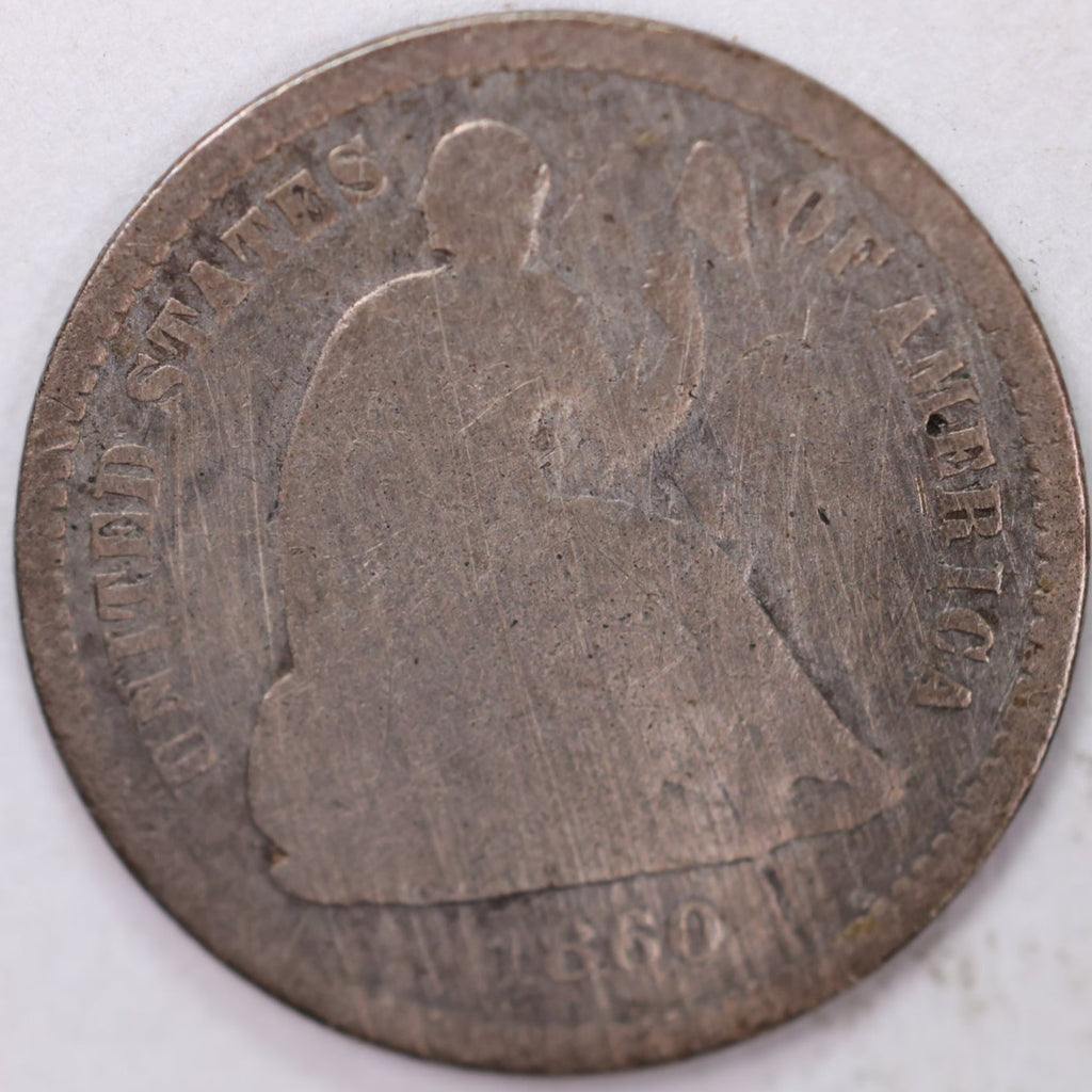 1860-O, Seated Half Dime, Very Good Circulated Coin, Store #M860O01
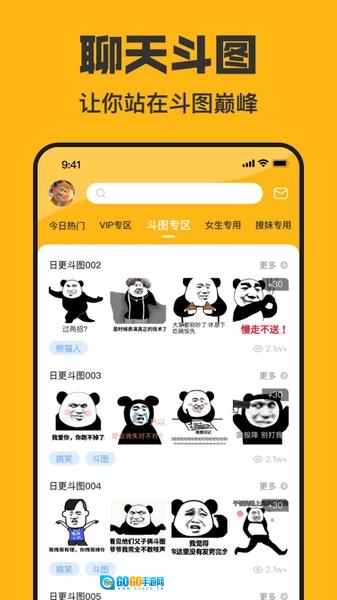 2、支持在社交平台发送各类自制表情包,是聊天斗图的必备软件。表情包制作功能配备了海量的表情包素材。
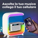 Non è solo una pratica lampada da comodino, ma anche una cassa bluetoothche puoi collegare al tuo cellulare ed ascoltare tutti i tuoi brani, riproduzione FM illimitata e varie modalità di riproduzione.
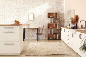 Zdjęcie "Wnętrze jasnej kuchni z białymi licznikami, artykułami spożywczymi i regałowymi" może być wykorzystywane do celów osobistych i komercyjnych zgodnie z warunkami zakupionej licencji Royalty-free. Obraz jest dostępny do pobrania w jakości wysokiej rozdzielczości do 5760x3840.
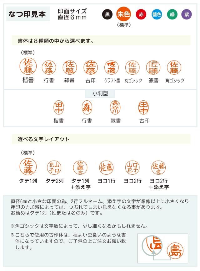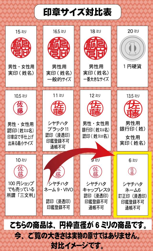 印面円直径6ミリ(訂正印として、又スタンプカードにも。狭い枠に捺せる小さな印影)
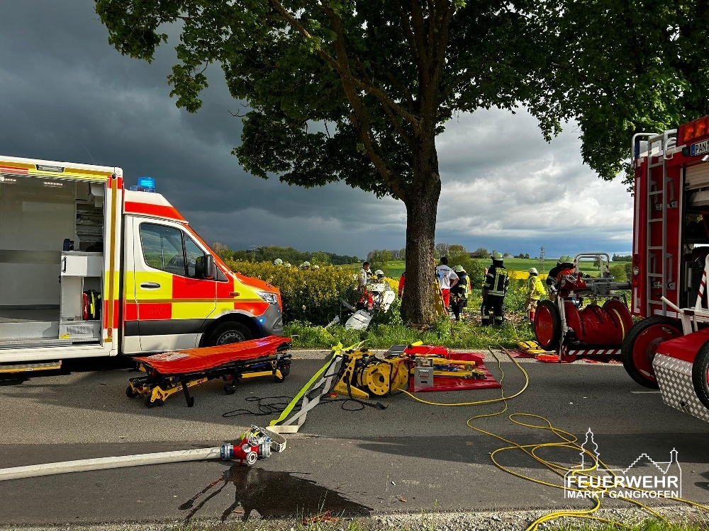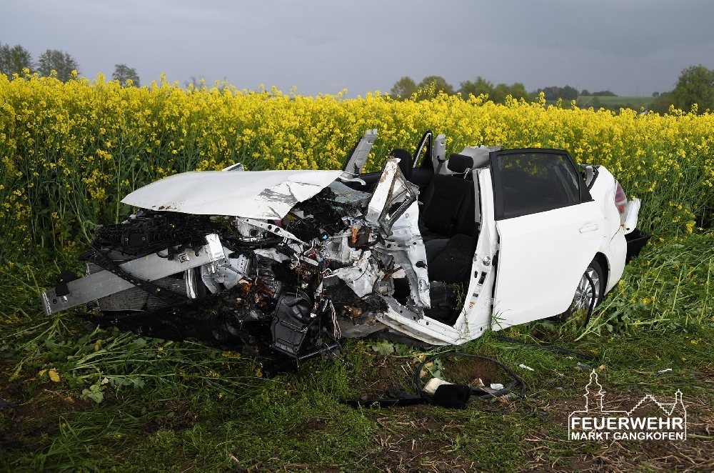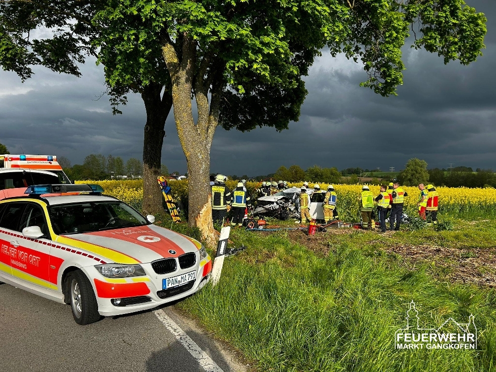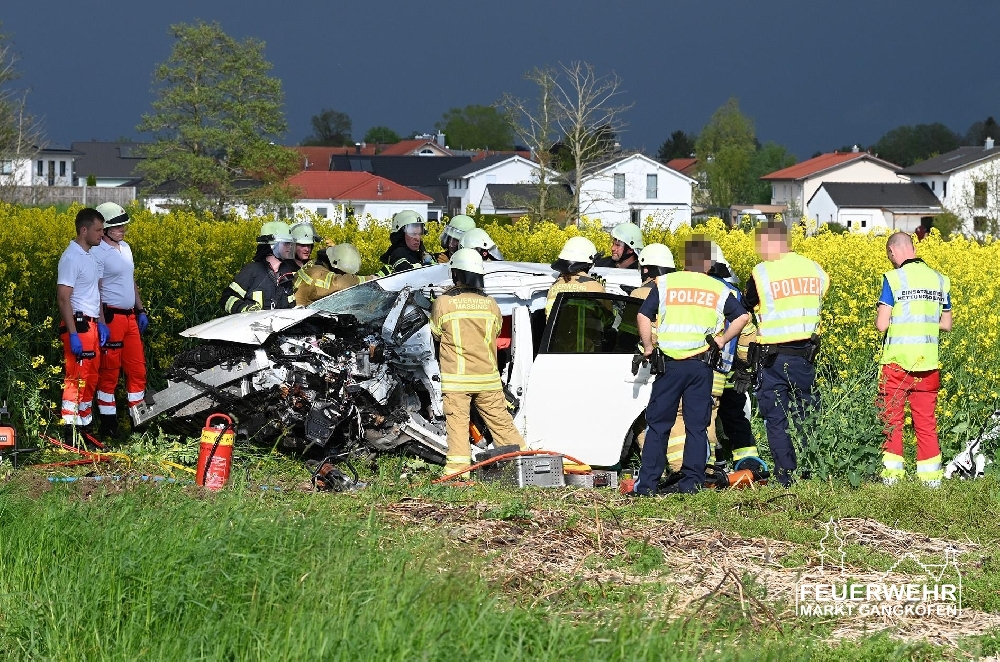 Während der Anfahrt zur Einsatzstelle bestätigte sich diese Meldung. Unmittelbar nach Eintreffen wurde der verunfallte PKW mit Unterbaumaterial stabilisiert, während der Rettungsdienst den Fahrer versorgte. Parallel dazu wurde der Brandschutz sichergestellt. Anschließend wurde für die Personenrettung das Dach des Autos entfernt. Die Rettungsmaßnahmen erfolgten dabei in enger Zusammenarbeit mit der Feuerwehr Massing, welche die Einsatzleitung hatte und ebenso die Verkehrsabsicherung übernahm.

———

EXERCISE: Exact repeats of the lines from the first one in the data through the line containing "印面円直径6ミリ(訂正印とし" make up the answer. Pictures do not.

TASK ANSWER:
 1860-O, Seated Half Dime, Very Good Circulated Coin, Store #M860O01
 2、支持在社交平台发送各类自制表情包,是聊天斗图的必备软件。表情包制作功能配备了海量的表情包素材。
 Non è solo una pratica lampada da comodino, ma anche una cassa bluetoothche puoi collegare al tuo cellulare ed ascoltare tutti i tuoi brani, riproduzione FM illimitata e varie modalità di riproduzione.
 Zdjęcie "Wnętrze jasnej kuchni z białymi licznikami, artykułami spożywczymi i regałowymi" może być wykorzystywane do celów osobistych i komercyjnych zgodnie z warunkami zakupionej licencji Royalty-free. Obraz jest dostępny do pobrania w jakości wysokiej rozdzielczości do 5760x3840.
 印面円直径6ミリ(訂正印として、又スタンプカードにも。狭い枠に捺せる小さな印影)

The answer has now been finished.